Molecular cloning and functional expression of a human cDNA encoding the antimutator enzyme 8-hydroxyguanine-DNA glycosylase

Abstract

The major mutagenic base lesion in DNA caused by exposure to reactive oxygen species is 8-hydroxyguanine (8-oxo-7, 8-dihydroguanine). In bacteria and Saccharomyces cerevisiae, this damaged base is excised by a DNA glycosylase with an associated lyase activity for chain cleavage. We have cloned, sequenced, and expressed a human cDNA with partial sequence homology to the relevant yeast gene. The encoded 47-kDa human enzyme releases free 8-hydroxyguanine from oxidized DNA and introduces a chain break in a double-stranded oligonucleotide specifically at an 8-hydroxyguanine residue base paired with cytosine. Expression of the human protein in a DNA repair-deficient E. coli mutM mutY strain partly suppresses its spontaneous mutator phenotype. The gene encoding the human enzyme maps to chromosome 3p25. These results show that human cells have an enzyme that can initiate base excision repair at mutagenic DNA lesions caused by active oxygen.

Figure 1

Sequence homology between human 8-oxoG-DNA glycosylase and S. cerevisiae OGG1. Amino acid sequences were aligned by the pileup and bestfit programs in the Genetics Computer Group package (Version 7; ref. 20). Amino acids identical in both sequences are boxed. The position of the possible helix–hairpin–helix motif is indicated. The Lys and Asp residues that have been associated with dual DNA glycosylase/AP lyase activity (13) are shown with an arrow and a circle, respectively.

Figure 2

Purification of recombinant hOGG1 protein. The hOGG1 was overexpressed in E. coli, and proteins were visualized on a 10% SDS/polyacrylamide gel by Coomassie blue staining. Lanes 1–4 show overexpression of the protein at 37°C by IPTG induction and contain whole-cell lysate (5 μl) from bacteria harboring the vector before (lane 1) and after induction (lane 2), or the plasmid carrying hOGG1 cDNA before (lane 3) and after induction (lane 4). Lanes 5–10 show peak fractions (10 μl) eluted with 0.5 M imidazole from a Ni²⁺-nitrilotriacetic acid column loaded with a crude extract from cells grown at 15°C (see Materials and Methods). The few protein bands migrating below hOGG1 represent degradation or premature termination products of the overexpressed protein, as determined by immunoblotting with the T7⋅Tag Antibody (data not shown). Positions of protein size markers in kDa (Bio-Rad) are indicated on the left.

Figure 3

Comparison of hOGG1 activity on double-stranded oligonucleotides containing an 8-oxoG⋅C or an 8-oxoG⋅A mismatch. Oligonucleotides were ³²P-labeled at the 5′ end of the 8oxoG-containing strand and were incubated at 37°C for 1 h with purified hOGG1 as described in Materials and Methods. Reaction products were analyzed by autoradiography after electrophoretic separation in a denaturing 20% polyacrylamide gel.

Figure 4

Antimutator effect of hOGG1 cDNA in E. coli (mutM mutY). AB1157 (wild type) or MK611 (mutM mutY) cells transformed with pSE420 (open bars) or pSE420 carrying the hOGG1 cDNA (solid bars) were grown in the presence of 1 mM IPTG and plated both in the presence and absence of rifampicin.
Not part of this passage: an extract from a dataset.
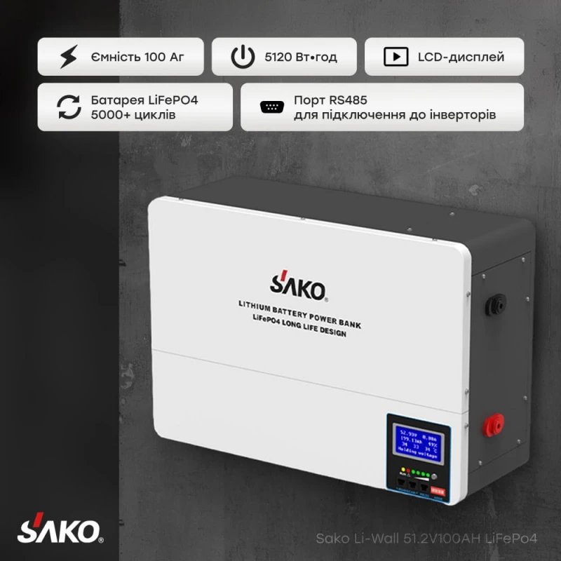 Акумуляторна батарея літій-залізо-фосфатна 100Аг 51.2В 5120Втг Sako Li-Wall 51.2V100AH LiFePo4

Results are from five independent experiments, and error bars are shown.

Figure 5

Fluorescence in situ hybridization mapping of the hOGG1 gene. The hOGG1 cDNA was hybridized to normal human male chromosomes. (A) A chromosome spread from a single cell, showing hybridization to the p arm of each chromosome 3 (arrows). (B) Example of a single chromosome 3 with hybridization signal. Background signals in nonchromosomal areas were suppressed in the electronic image for both A and B. (C) Idiogram of chromosome 3, showing the position of the hOGG1 gene.